Two cigarette factories facing closure
The cigarette factories in Plovdiv and Stara Zagora may be shut down due to the excise duty jump from 2008, the chairman of Podkrepa's trade union section in the enterprise in Stara Zagora, Radoslav Bonev, told the Pari daily.Increasing the tax by EUR 11 will halt production in the factories, because the lower-class cigarettes that they manufacture will become unsalable. The trade unions support an increase in the excise by EUR 9.6 but the finance ministry insists on a higher rate, Bonev said. The parliamentary budget committee decided that the duty should rise to BGN 37 per 1,000 cigarettes plus 35% of the retail price. That will affect mainly the cheap cigarettes.

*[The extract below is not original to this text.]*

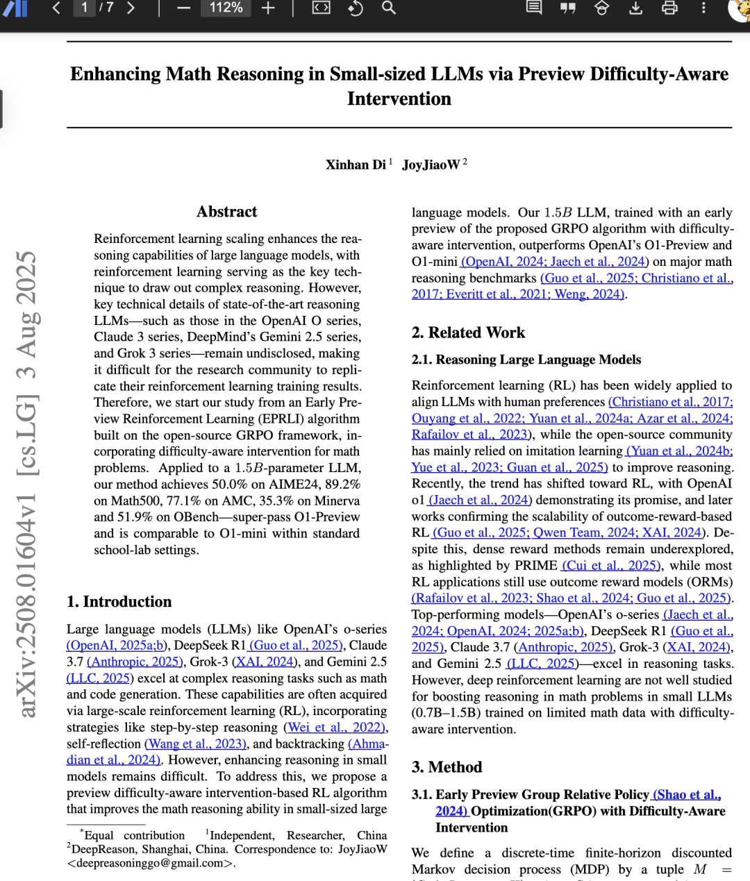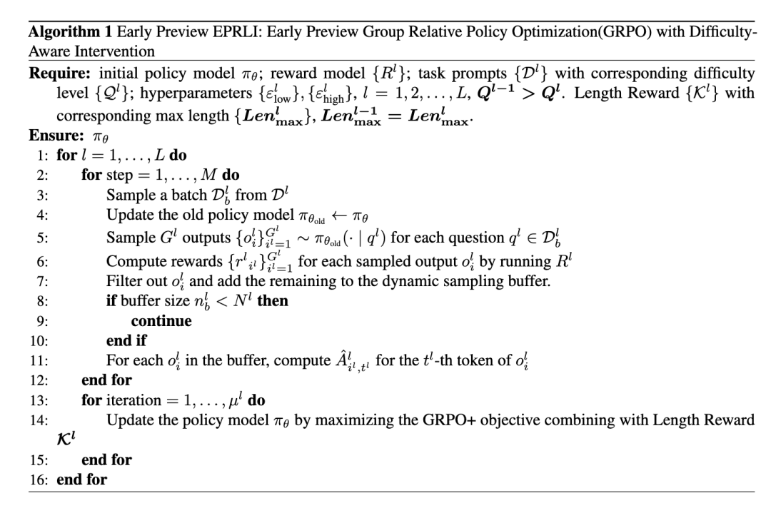 强化学习扩展增强了大语言模型的推理能力,强化学习作为引出复杂推理的关键技术。然而,最先进的推理LLM的关键技术细节——如OpenAI O系列、Claude 3系列、DeepMind的Gemini 2.5系列和Grok 3系列——仍未公开,这使得研究界难以复现其强化学习训练结果。因此,我们从基于开源GRPO框架的早期预览强化学习(EPRLI)算法开始我们的研究,并结合针对数学问题的难度感知干预。应用于15亿参数的LLM,我们的方法在AIME24上达到50.0%,Math500上达到89.2%,AMC上达到77.1%,Minerva上达到35.3%,OBench上达到51.9%——超越O1-Preview,在标准学校实验室设置下与O1-mini相当。
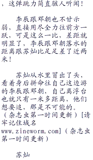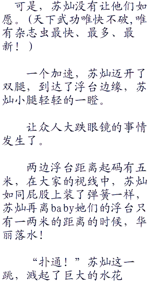 苏灿目测了自己离baby那边的浮台距离,开始退后了几步,准备冲刺。

Sofia loses three billion levs in case of an earthquake
Sofia's losses in case of an earthquake of a higher magnitude will amount to an average of 2.5 billion- 3 billion US dollars, data of the World Bank (WB) show. The information was announced by Evgeni Gurenko during the National Round Table for Management of Catastrophic Risks.Sofia should put aside some 30 million US dollars a year to be ready to cope with such a cataclysm. They should be deposited in a special pre-event reserve fund which to be used in case of a calamity to restore the city's normal life as quick as possible, the bank's assessments show.According to the WB, the governments from the Balkan region have no more than 1% to 2% of readiness to cope with possible disaster damages.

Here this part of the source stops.